» Task item: Within the listing below, give again exactly the lines between the one containing "Stock Unit EACH" and the one containing "The gable end", inclusive, pictures left aside.

Extracted records section start

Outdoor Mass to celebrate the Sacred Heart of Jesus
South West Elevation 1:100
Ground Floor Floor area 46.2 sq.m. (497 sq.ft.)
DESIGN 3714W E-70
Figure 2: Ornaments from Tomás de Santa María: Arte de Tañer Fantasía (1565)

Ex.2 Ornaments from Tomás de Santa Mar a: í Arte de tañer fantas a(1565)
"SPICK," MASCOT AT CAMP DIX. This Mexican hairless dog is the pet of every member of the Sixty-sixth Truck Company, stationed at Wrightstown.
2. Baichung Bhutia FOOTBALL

Extracted records section end
Extracted records section start

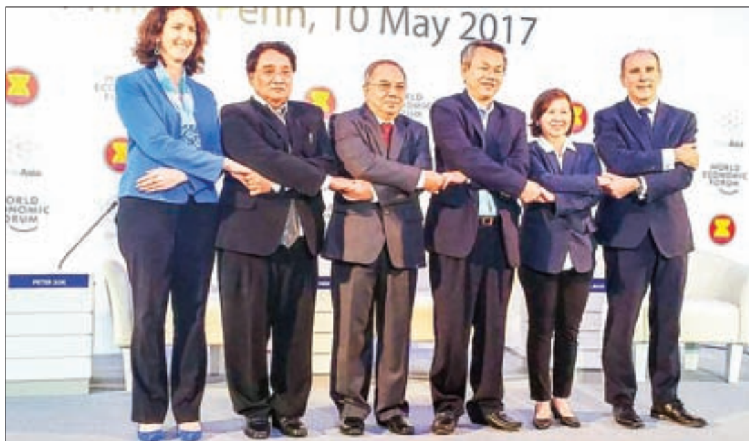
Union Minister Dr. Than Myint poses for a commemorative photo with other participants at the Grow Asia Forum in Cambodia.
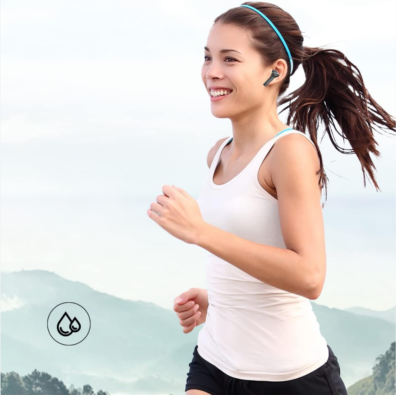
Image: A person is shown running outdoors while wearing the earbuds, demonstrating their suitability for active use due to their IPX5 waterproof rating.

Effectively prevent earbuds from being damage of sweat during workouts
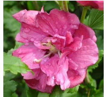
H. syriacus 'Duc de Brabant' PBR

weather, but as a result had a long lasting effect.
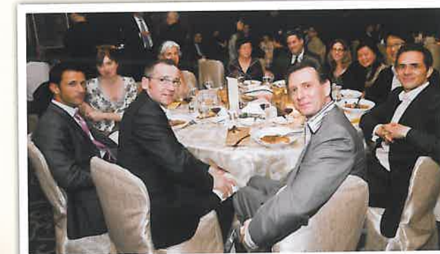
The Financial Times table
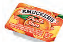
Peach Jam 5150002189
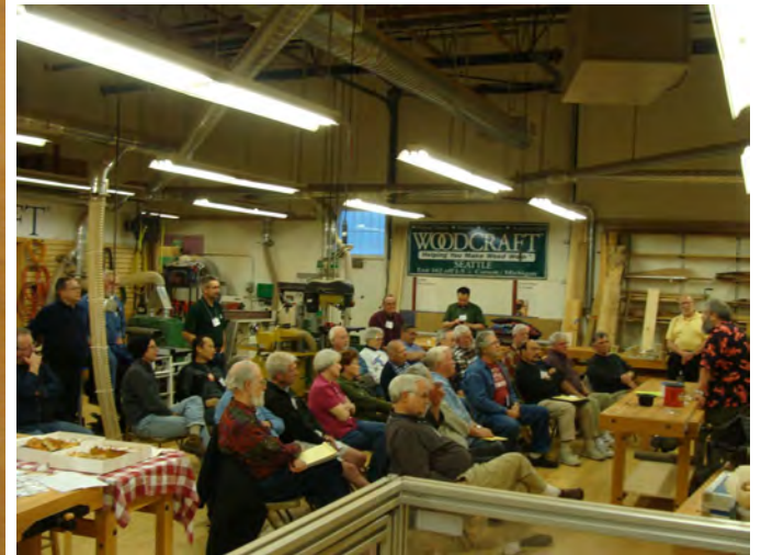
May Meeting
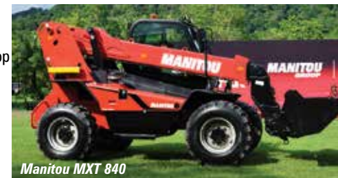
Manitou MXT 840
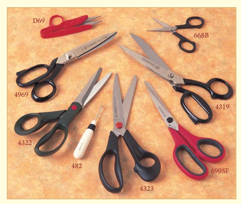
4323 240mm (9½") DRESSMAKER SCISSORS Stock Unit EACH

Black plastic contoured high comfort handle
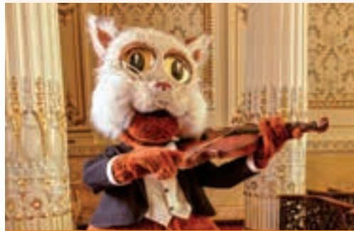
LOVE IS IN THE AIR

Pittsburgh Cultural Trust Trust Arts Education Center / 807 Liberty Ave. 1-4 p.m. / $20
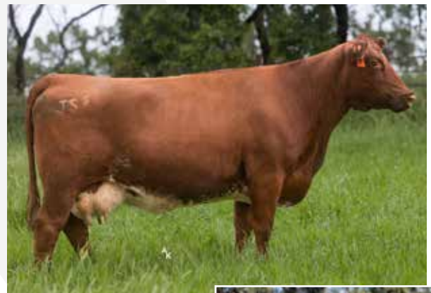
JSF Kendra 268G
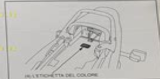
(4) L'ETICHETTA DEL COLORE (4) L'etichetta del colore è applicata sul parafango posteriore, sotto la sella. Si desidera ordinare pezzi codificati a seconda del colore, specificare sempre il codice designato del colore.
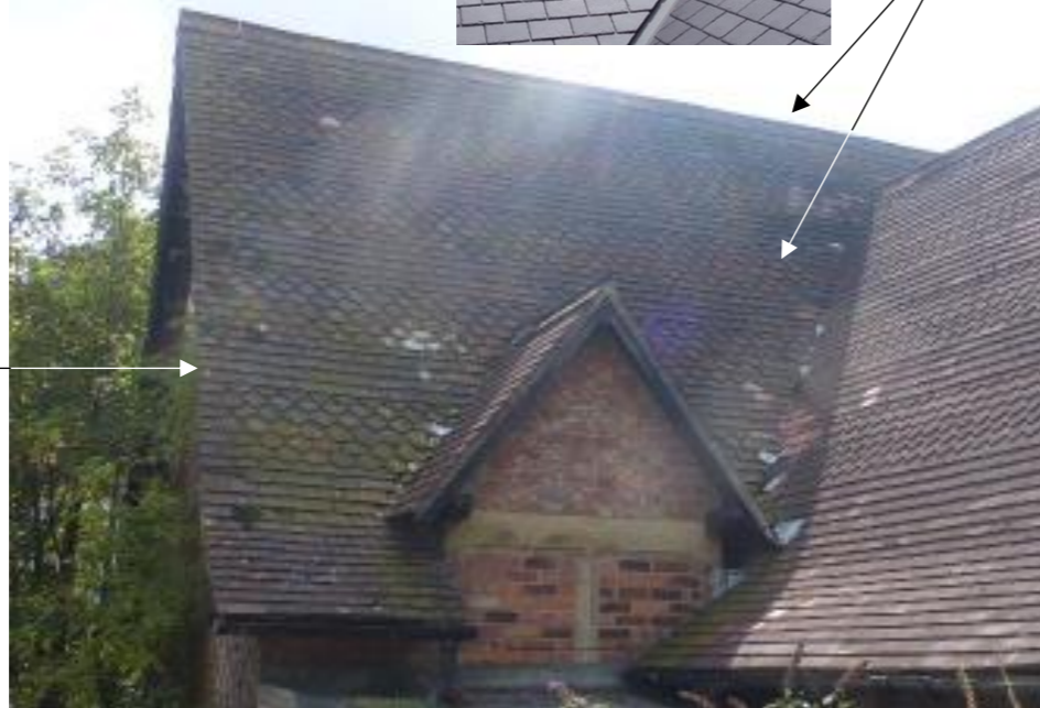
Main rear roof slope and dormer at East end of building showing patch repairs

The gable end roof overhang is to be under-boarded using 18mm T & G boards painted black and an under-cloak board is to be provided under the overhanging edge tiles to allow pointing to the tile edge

Extracted records section end

» Output below:
4323 240mm (9½") DRESSMAKER SCISSORS Stock Unit EACH

Black plastic contoured high comfort handle
LOVE IS IN THE AIR

Pittsburgh Cultural Trust Trust Arts Education Center / 807 Liberty Ave. 1-4 p.m. / $20
JSF Kendra 268G
(4) L'ETICHETTA DEL COLORE (4) L'etichetta del colore è applicata sul parafango posteriore, sotto la sella. Si desidera ordinare pezzi codificati a seconda del colore, specificare sempre il codice designato del colore.
Main rear roof slope and dormer at East end of building showing patch repairs

The gable end roof overhang is to be under-boarded using 18mm T & G boards painted black and an under-cloak board is to be provided under the overhanging edge tiles to allow pointing to the tile edge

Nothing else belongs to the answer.